Professor Gabriel levanta outro aspecto que igualmente lhe decepciona.

Na verdade acho que nunca me chamaram [de professor], no começo me chamavam sempre de mestre. Isso há trinta anos atrás. E também é uma situação diferente, a situação do aluno hoje e do aluno de trinta anos atrás. Mudou muito, mudou completamente, não é. O aluno de trinta anos atrás era um aluno muito diferente, então, você, era sempre reverenciado como mestre, chamado como mestre. E no começo achei estranho, mas porque queriam um padrão, na verdade eu não era mestre, mas queriam um padrão. Eu vim fazer o mestrado em 95, terminar em 95. Já lecionava há muito tempo, não é, só com a graduação.

Nos caminhos do professor Luís, uma ramificação de sua atuação docente na faculdade em que leciona lhe rende orgulho e a decepção de não mais compartilhá-la.

Eu estudei doze anos Dança. Eu não tenho certificado de nada. Isso é minha frustração, sabia?

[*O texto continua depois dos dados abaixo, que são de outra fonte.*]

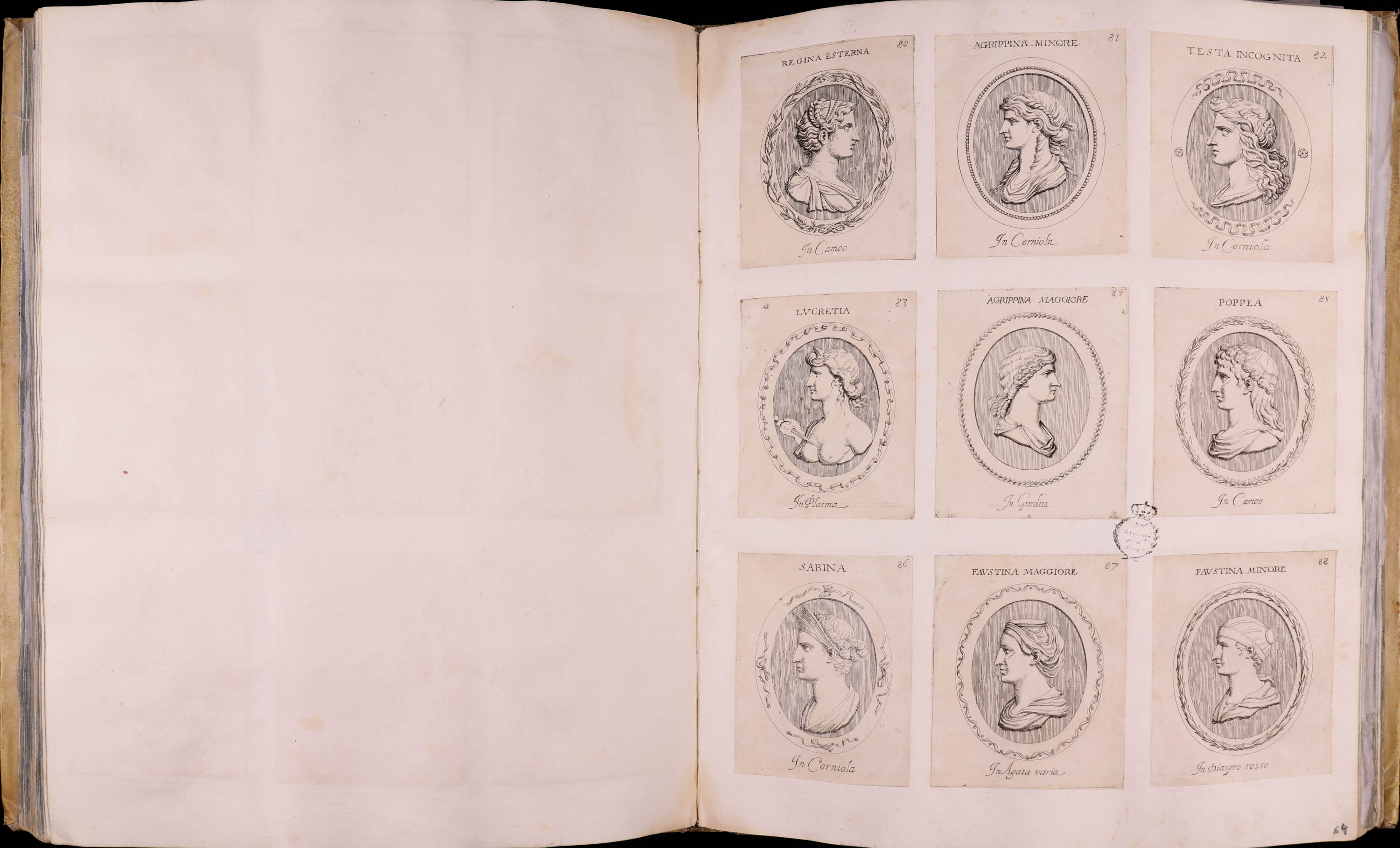 Primera edición del primer volumen de dos (incompleto, faltan las primeras hojas de la dedicatoria al papa Alejandro VII, advertencia al lector e índice de las láminas), que recoge la colección de camafeos y gemas del cardenal Francesco Barberini en 214 aguafuertes.
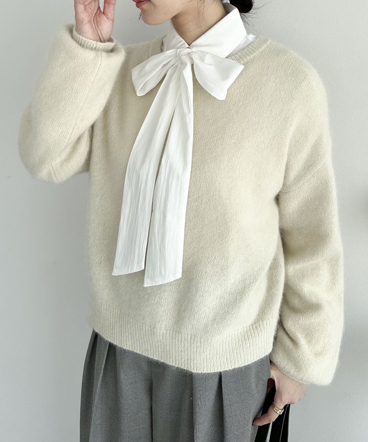 【ラクーンMIX】ファーニットボートネックプルオーバー IVORY
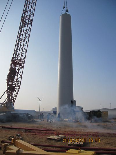 该项目施工内容包括施工道路、风机基础及十一台2MW风电机组吊装和场内输配电及通信工程,是十七冶风电工程公司第一次在蓬莱风电项目上的施工总承包。自091213日开工以来,由于蓬莱地区连降大雪,施工道路被冰雪覆盖,而且坡陡路滑,挖好的基础坑被大雪填满,这一切给施工带来极大困难。为了实现对业主的承诺,经过项目部全体人员的努力拼搏,连续施工,终于抢回了大雪延误的工期,完成了土建基础工程。首台风电机组的顺利开吊,标志着此项工程进入吊装阶段。项目部全体员工决心发扬“高效严谨,精细务实”的企业作风,高效率、高品质、高服务地干好此项工程,为十七冶风电品牌的树立作出不懈努力。
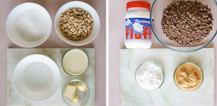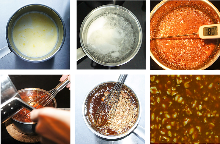 Trzecia warstwa (karmel): przygotuj karmel. Dokładny przepis znajdziesz tutaj. Po dodaniu do karmelu śmietanki, zagotuj go do 115 stopni. Potrwa to około 5 minut. Następnie dodaj orzechy. Wymieszaj. Natychmiast wylej karmel na warstwę marshmallow. Rozprowadź go równomiernie. Odstaw do lodówki.

Frustração porque eu tive que parar. Porque não era por dinheiro isso. O cargo também de direção, é meio complicado, você, diretor... rebolando... Não pega muito bem, a imagem de seriedade, não é? Um sujeito que julga o aluno, que dá aula para alunos de graduação, pós- graduação, vai ensinar Dança.

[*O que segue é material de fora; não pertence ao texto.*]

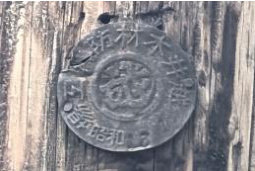 图7:在沈阳铁西区齐贤北街路侧的木质电线杆上发现日本昭和时期生产的金属铭牌
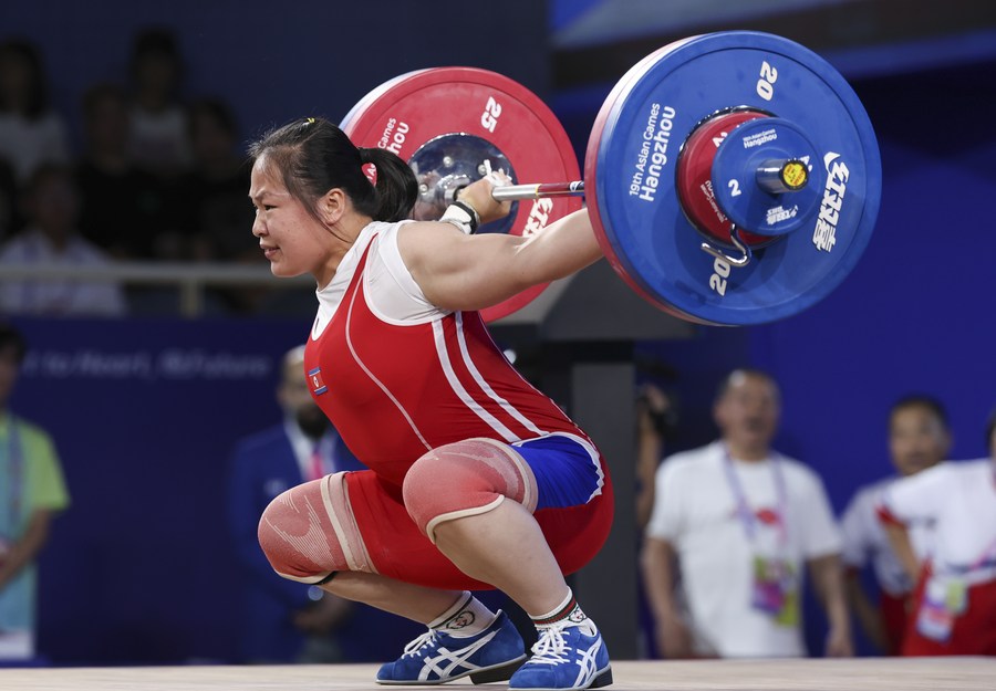 Jong Chun Hui of DPR Korea competes during the women's 76Kg weightlifting at the Hangzhou Asian Games, Oct. 5, 2023. (Xinhua/Yang Lei)
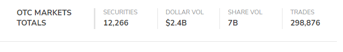 OTC市场是可以进行交易的,在OTC pink板块挂牌的企业主要是采用做市商报价交易方式。每一家公司在完成相应监管要求进行信息披露后,可以委托一家或多家做市商为其报价。根据OTC官网的数据,美股OTC所有市场交易数额都较大。

Em sua entrevista, professor Luís mostra claramente seu envolvimento com a Dança e até que chega a discorrer como se formou e que deu as aulas na faculdade a alunos, funcionários e também professores – aulas de Dança que eram muito apreciadas. Por diversas vezes no seu depoimento, mostra um sentimento de frustração porque teve que deixar de lado essa atividade. Agrega valor nessa experiência, além de considerá-la um incidente crítico, revela:

Ah, eu considero [um incidente crítico] porque isso foi um marco interessante, imagina um japonês com todas as partes culturais enraizadas de família e que fala para o pessoal que dá

aula de Dança, de samba, gafieira, pagode, tcha tcha tcha, salsa, merengue, é complicado isso. (…) Então, e tem esse problema, não é? Tem as implicações da cultura, cultura tradicional. Se bem que tem as gueixas, tudo, mas eu nem considero isso, depois tem o cargo, o cargo perante a diretoria geral, o que podem pensar, não é? Se bem que hoje eu não me importaria tanto. Tenho outro pensamento, mas naquela época já comecei a pensar nisso e também a necessidade aqui, a necessidade de reciclagem porque eu era muito bom naquela época. Hoje, eu preciso voltar, não quer dizer que eu não consiga dançar, mas tem algumas coisas que eu teria que rever. Então, esses pontos são as implicações.

Questionado pela pesquisadora sobre a possibilidade de retomar a atividade tão prazerosa e que lhe traz boas recordações, professor Luís responde:

Ah, não mais. Eu já estou um pouco passado... a idade já chegou.

Nesse segundo eixo, as situações motivadoras de descobertas, gratificações e frustrações delineiam a abrangência da dimensão afetiva.